# Text Generation with Neural Networks
we will be using RNN(Recurrent Neural Networks)

## RNN:
A recurrent neural network (RNN) is a class of artificial neural networks where connections between nodes form a directed graph along a temporal sequence. This allows it to exhibit temporal dynamic behavior. Derived from feedforward neural networks, RNNs can use their internal state (memory) to process variable length sequences of inputs.

## LSTM
Long Short-Term Memory (LSTM) networks are a type of recurrent neural network capable of learning order dependence in sequence prediction problems. This is a behavior required in complex problem domains like machine translation, speech recognition, and more.


## DATA 
we are using Moby Dick's first four chapter for text generation. Moby Dick is Novel by Herman Melville.

### Import Tools and load data

In [2]:
import numpy as np
import pandas as pd
import spacy
nlp=spacy.load("en_core_web_lg",disable=['parser','tagger','ner'])

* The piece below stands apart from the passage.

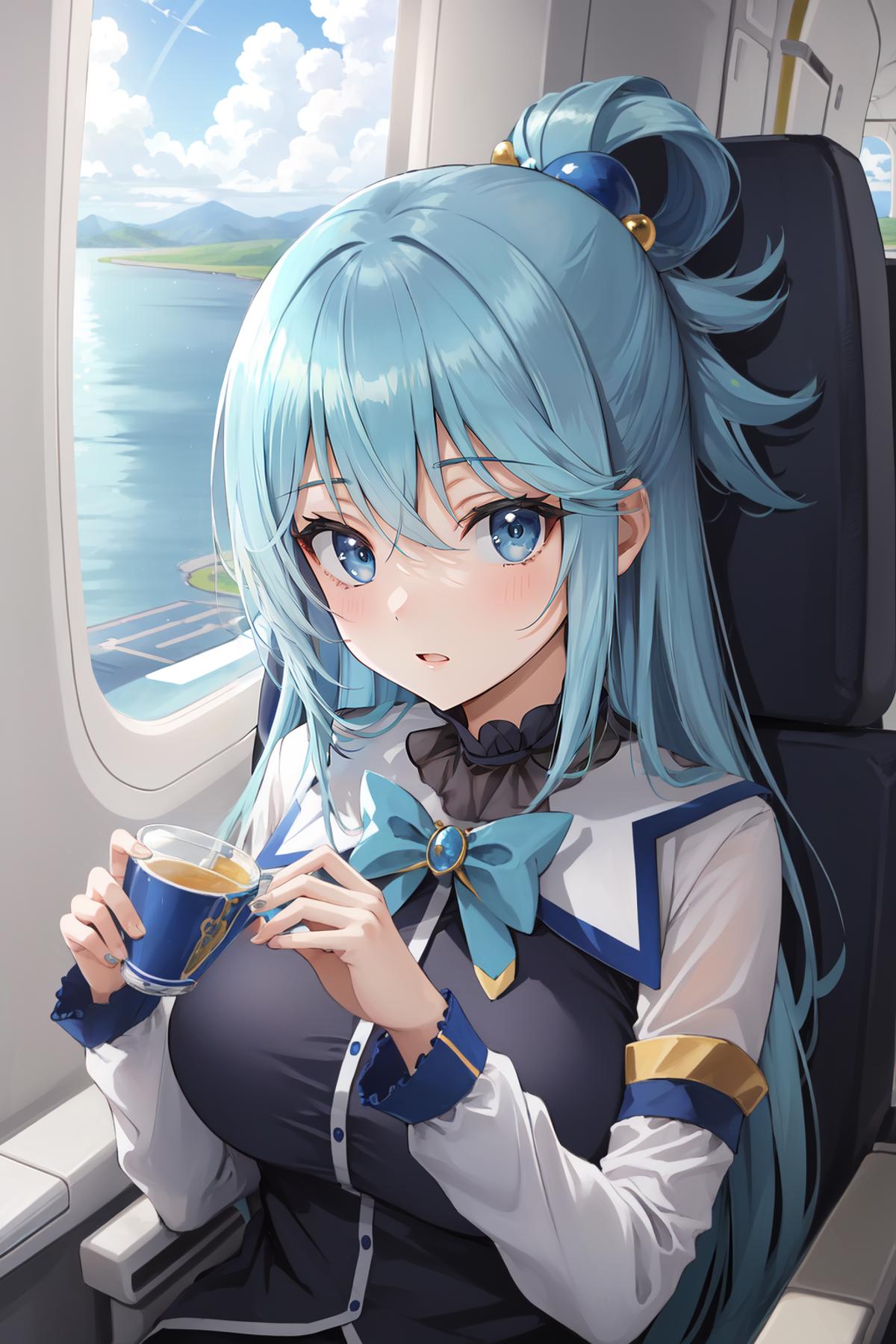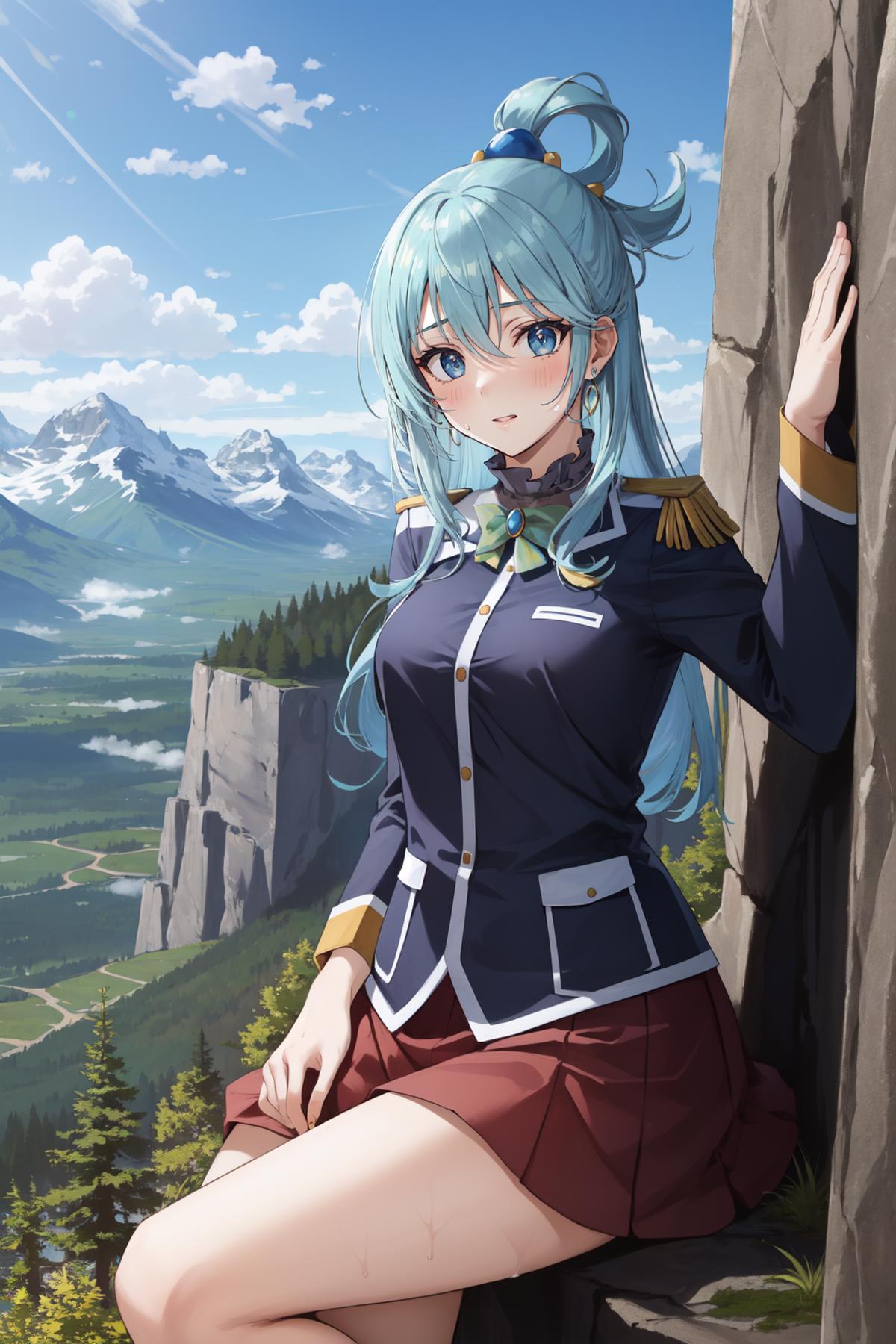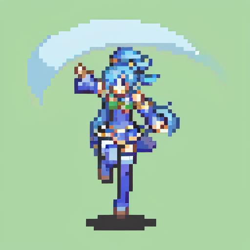 Default Outfit: blue shirt, bow, detached sleeves, skirt, thighhighs, ???? shoulders

  _np_qint8 = np.dtype([("qint8", np.int8, 1)])
  _np_quint8 = np.dtype([("quint8", np.uint8, 1)])
  _np_qint16 = np.dtype([("qint16", np.int16, 1)])
  _np_quint16 = np.dtype([("quint16", np.uint16, 1)])
  _np_qint32 = np.dtype([("qint32", np.int32, 1)])
  np_resource = np.dtype([("resource", np.ubyte, 1)])


In [7]:
nlp.max_length

1000000

In [11]:
## create a function which will seperate punctuations from the doc file
def seperate_punc(doc_file):
    return [token.text.lower() for token in nlp(doc_file) if token.text not in '\n\n \n\n\n!"-#$%&()--.*+,-/:;<=>?@[\\]^_`{|}~\t\n ']

In [12]:
with open("moby_dick_four_chapters.txt") as f:
    doc=f.read()

In [13]:
tokens=seperate_punc(doc)







In [14]:
len(tokens)

11338

In [15]:
tokens[:15]

['call',
 'me',
 'ishmael',
 'some',
 'years',
 'ago',
 'never',
 'mind',
 'how',
 'long',
 'precisely',
 'having',
 'little',
 'or',
 'no']

## Create Sequences of tokens

In [16]:
# organise into sequences of tokens
train_len=25+1

# empty list of sequences
text_sequences=[]

for i in range(train_len,len(tokens)):
    seq=tokens[i-train_len:i]
    
    text_sequences.append(seq)

In [17]:
type(text_sequences)

list

In [18]:
text_sequences[0:2]

[['call',
  'me',
  'ishmael',
  'some',
  'years',
  'ago',
  'never',
  'mind',
  'how',
  'long',
  'precisely',
  'having',
  'little',
  'or',
  'no',
  'money',
  'in',
  'my',
  'purse',
  'and',
  'nothing',
  'particular',
  'to',
  'interest',
  'me',
  'on'],
 ['me',
  'ishmael',
  'some',
  'years',
  'ago',
  'never',
  'mind',
  'how',
  'long',
  'precisely',
  'having',
  'little',
  'or',
  'no',
  'money',
  'in',
  'my',
  'purse',
  'and',
  'nothing',
  'particular',
  'to',
  'interest',
  'me',
  'on',
  'shore']]

In [19]:
' '.join(text_sequences[0])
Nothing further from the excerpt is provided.